* Assignment *
Reproduce the data that follows character for character, but omit its pictures.

* Data under study *
——

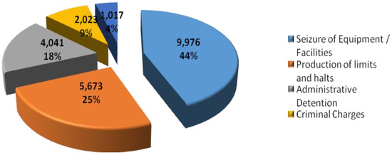 In 2016 alone, there were 22,730 cases in total, reported in the context of these five key measures addressed in the new Environmental Protection Law. Details of these cases, as mentioned in Figure 1, may include: forty-fourpercent of the seizure of equipment or facilities accounted for, twenty-five percent production limits and stoppage, four percent of daily fines, eighteen percent of administrative detentions, and nine percent criminal charges [79].
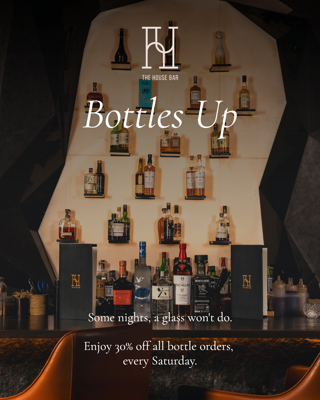 For those who prefer to settle in. Select any bottle from our spirits list and receive 30% off the bottle - a considered way to spend a Saturday evening with good company.
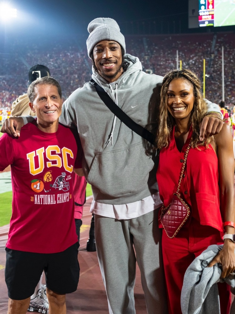 永远的特洛伊人!德罗赞回母校南加大看橄榄球 与校友开心互动
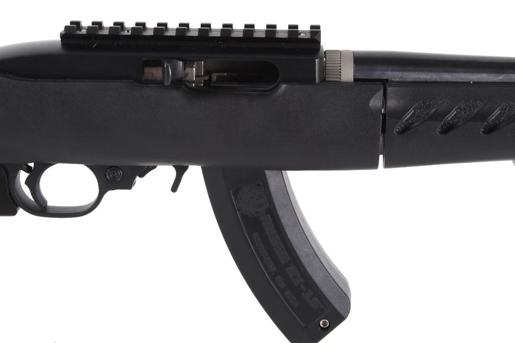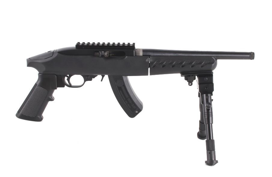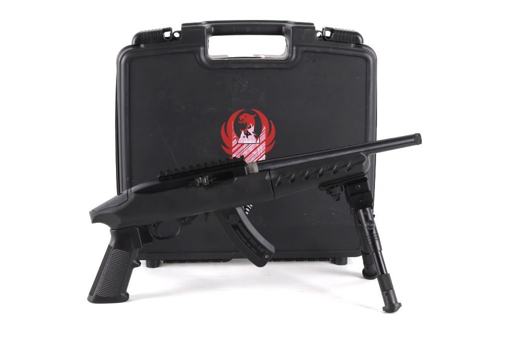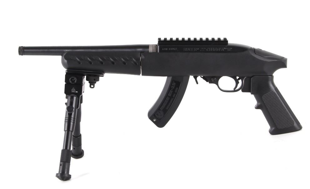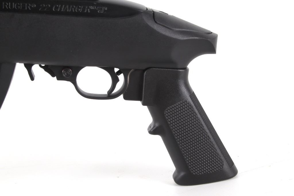 Featured in this lot we have a Ruger 22 Charger takedown rifle chambered in .22 long rifle and comes with its Ruger carry case. The rifle displays a 10" long round barrel, checkered grip, semi automatic action, attachment rails, removable 15 round magazine, and attachable bipod. The rifle is designed with a quick takedown system allowing the barrel and front grip to be separated from the frame and reattached easily. The frame is marked on the left side reading "Ruger 22 Charger TM .22 LR CAL" with the serial number and the top of the barrel is marked with "Ruger Newport NH USA". The rifle comes with its Ruger fitted carry case showing foam interior with cut out sections for the individual parts. The piece shows good condition and weighs 6lbs 4oz. Serial Number: 490-81965. This is a modern firearm and requires a FFL transfer or NICS background check.
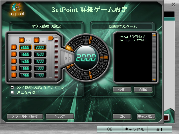 マウスの感度設定項目も充実している。SetPointからチェスの駒のようなアイコンが描かれたタブをクリックすると「マウスのゲーム設定」を設定可能だ。さらに,このタブの右下にある「詳細ゲーム設定」をクリックすると,ずいぶんと印象の異なった,マウス感度の設定専用ウインドウが立ち上がる。

——

* Response to this exercise *
 In 2016 alone, there were 22,730 cases in total, reported in the context of these five key measures addressed in the new Environmental Protection Law. Details of these cases, as mentioned in Figure 1, may include: forty-fourpercent of the seizure of equipment or facilities accounted for, twenty-five percent production limits and stoppage, four percent of daily fines, eighteen percent of administrative detentions, and nine percent criminal charges [79].
 For those who prefer to settle in. Select any bottle from our spirits list and receive 30% off the bottle - a considered way to spend a Saturday evening with good company.
 永远的特洛伊人!德罗赞回母校南加大看橄榄球 与校友开心互动
 Featured in this lot we have a Ruger 22 Charger takedown rifle chambered in .22 long rifle and comes with its Ruger carry case. The rifle displays a 10" long round barrel, checkered grip, semi automatic action, attachment rails, removable 15 round magazine, and attachable bipod. The rifle is designed with a quick takedown system allowing the barrel and front grip to be separated from the frame and reattached easily. The frame is marked on the left side reading "Ruger 22 Charger TM .22 LR CAL" with the serial number and the top of the barrel is marked with "Ruger Newport NH USA". The rifle comes with its Ruger fitted carry case showing foam interior with cut out sections for the individual parts. The piece shows good condition and weighs 6lbs 4oz. Serial Number: 490-81965. This is a modern firearm and requires a FFL transfer or NICS background check.
 マウスの感度設定項目も充実している。SetPointからチェスの駒のようなアイコンが描かれたタブをクリックすると「マウスのゲーム設定」を設定可能だ。さらに,このタブの右下にある「詳細ゲーム設定」をクリックすると,ずいぶんと印象の異なった,マウス感度の設定専用ウインドウが立ち上がる。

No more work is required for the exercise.